MATERIAL PROVIDED START

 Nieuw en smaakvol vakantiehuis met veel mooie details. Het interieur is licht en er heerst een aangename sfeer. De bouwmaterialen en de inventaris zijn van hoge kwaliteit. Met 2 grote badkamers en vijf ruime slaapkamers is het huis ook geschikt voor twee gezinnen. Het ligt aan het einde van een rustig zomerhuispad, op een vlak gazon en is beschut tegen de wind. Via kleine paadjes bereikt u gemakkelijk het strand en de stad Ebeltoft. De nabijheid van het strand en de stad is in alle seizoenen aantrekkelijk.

MATERIAL PROVIDED END
MATERIAL PROVIDED START

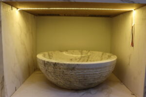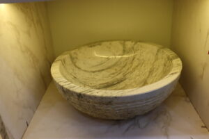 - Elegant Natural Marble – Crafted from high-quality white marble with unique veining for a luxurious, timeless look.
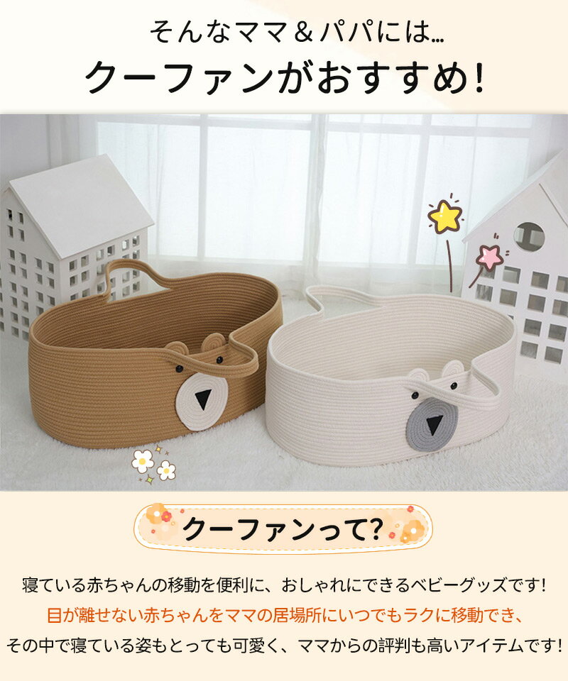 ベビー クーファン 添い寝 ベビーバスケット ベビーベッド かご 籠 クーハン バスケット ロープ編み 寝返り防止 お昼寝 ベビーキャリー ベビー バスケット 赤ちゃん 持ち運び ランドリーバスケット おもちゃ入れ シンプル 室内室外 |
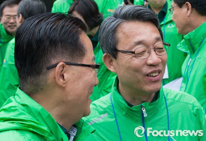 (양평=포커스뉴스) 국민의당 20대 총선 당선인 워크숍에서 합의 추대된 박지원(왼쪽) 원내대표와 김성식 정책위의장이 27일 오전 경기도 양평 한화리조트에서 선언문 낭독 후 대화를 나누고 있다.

MATERIAL PROVIDED END

Begin at the line in the entries above that has "ベビー クーファン 添い寝", stop after the line that has "(양평=포커스뉴스) 국민의당 20대", and output exactly those lines without pictures.

# [COMPLETED TASK]
 ベビー クーファン 添い寝 ベビーバスケット ベビーベッド かご 籠 クーハン バスケット ロープ編み 寝返り防止 お昼寝 ベビーキャリー ベビー バスケット 赤ちゃん 持ち運び ランドリーバスケット おもちゃ入れ シンプル 室内室外 |
 (양평=포커스뉴스) 국민의당 20대 총선 당선인 워크숍에서 합의 추대된 박지원(왼쪽) 원내대표와 김성식 정책위의장이 27일 오전 경기도 양평 한화리조트에서 선언문 낭독 후 대화를 나누고 있다.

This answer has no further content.